• [Supplied records]
=== Section Start ===

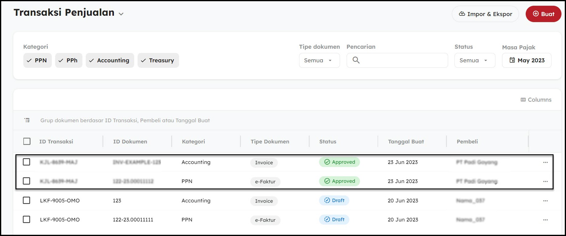 - Kemudian Anda akan dialihkan ke halaman awal Daftar Transaksi, Untuk memudahkan mencari transaksi Anda, Anda dapat melakukan pemilihan data dengan kriteria tertentu menggunakan Filter by : Category, Status Document and Tax Period. Anda juga bisa menggunakan kolom pencarian untuk menemukan transaksi yang diinginkan.
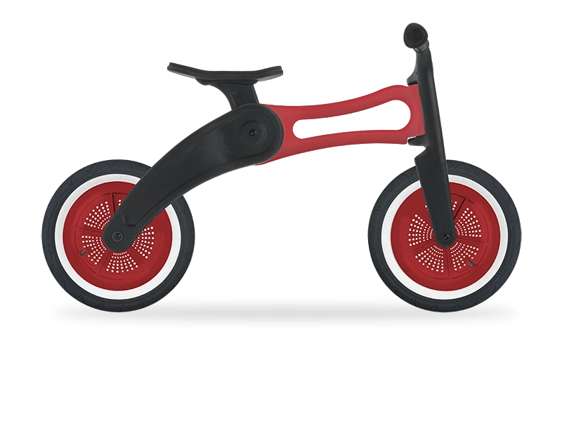 Wishbone Bike RE2 turns waste plastic into an award-winning bike for toddlers. This is beautiful, multi-functional design for ages 18 months to 6 years. Toddlers learn to balance and ride on a bike that fits perfectly as they grow. With easy assembly and rotafixTM frame & seat adjustability for years of joy. Trike Kit sold separately for 12 months ands up. 5 year warranty. Made from recycled bottles & carpet. Lasts longer, lighter weight and lower carbon emissions than a steel bike. RE2 “Raw” colour components contain zero additives for outstanding recyclability. Check out our customizer here.
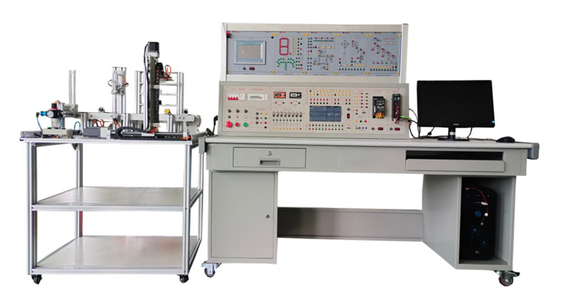 O dispositivo de treinamento abrangente do controlador lógico programável (PLC) consiste em um painel de controle, uma mesa de treinamento, um componente de treinamento principal, um módulo de treinamento, uma caixa de distribuição para o conversor de frequência, uma caixa de distribuição para a tela sensível ao toque, um motor AC/DC, uma unidade de barramento, um módulo de comunicação, um trilho guia para o motor, um mecanismo de medição de velocidade, etc.
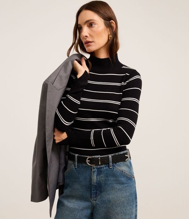 Suéter Listrado em Tricô com Gola Alta Preto
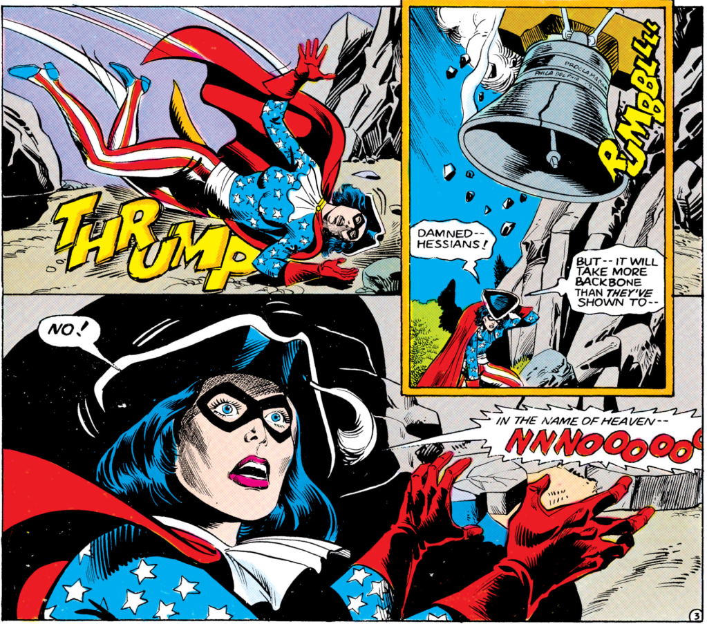 In 1776, Miss Liberty foiled the efforts of a squad of Hessians attempting to steal the Liberty Bell. An explosion of powder horns caused the bell to fall. It crashed upon Miss Liberty, crushing her to death.

=== Section End ===

• [Work to complete] Each line above should be returned exactly as it stands, minus any pictures.

• [Output of the exercise]
 - Kemudian Anda akan dialihkan ke halaman awal Daftar Transaksi, Untuk memudahkan mencari transaksi Anda, Anda dapat melakukan pemilihan data dengan kriteria tertentu menggunakan Filter by : Category, Status Document and Tax Period. Anda juga bisa menggunakan kolom pencarian untuk menemukan transaksi yang diinginkan.
 Wishbone Bike RE2 turns waste plastic into an award-winning bike for toddlers. This is beautiful, multi-functional design for ages 18 months to 6 years. Toddlers learn to balance and ride on a bike that fits perfectly as they grow. With easy assembly and rotafixTM frame & seat adjustability for years of joy. Trike Kit sold separately for 12 months ands up. 5 year warranty. Made from recycled bottles & carpet. Lasts longer, lighter weight and lower carbon emissions than a steel bike. RE2 “Raw” colour components contain zero additives for outstanding recyclability. Check out our customizer here.
 O dispositivo de treinamento abrangente do controlador lógico programável (PLC) consiste em um painel de controle, uma mesa de treinamento, um componente de treinamento principal, um módulo de treinamento, uma caixa de distribuição para o conversor de frequência, uma caixa de distribuição para a tela sensível ao toque, um motor AC/DC, uma unidade de barramento, um módulo de comunicação, um trilho guia para o motor, um mecanismo de medição de velocidade, etc.
 Suéter Listrado em Tricô com Gola Alta Preto
 In 1776, Miss Liberty foiled the efforts of a squad of Hessians attempting to steal the Liberty Bell. An explosion of powder horns caused the bell to fall. It crashed upon Miss Liberty, crushing her to death.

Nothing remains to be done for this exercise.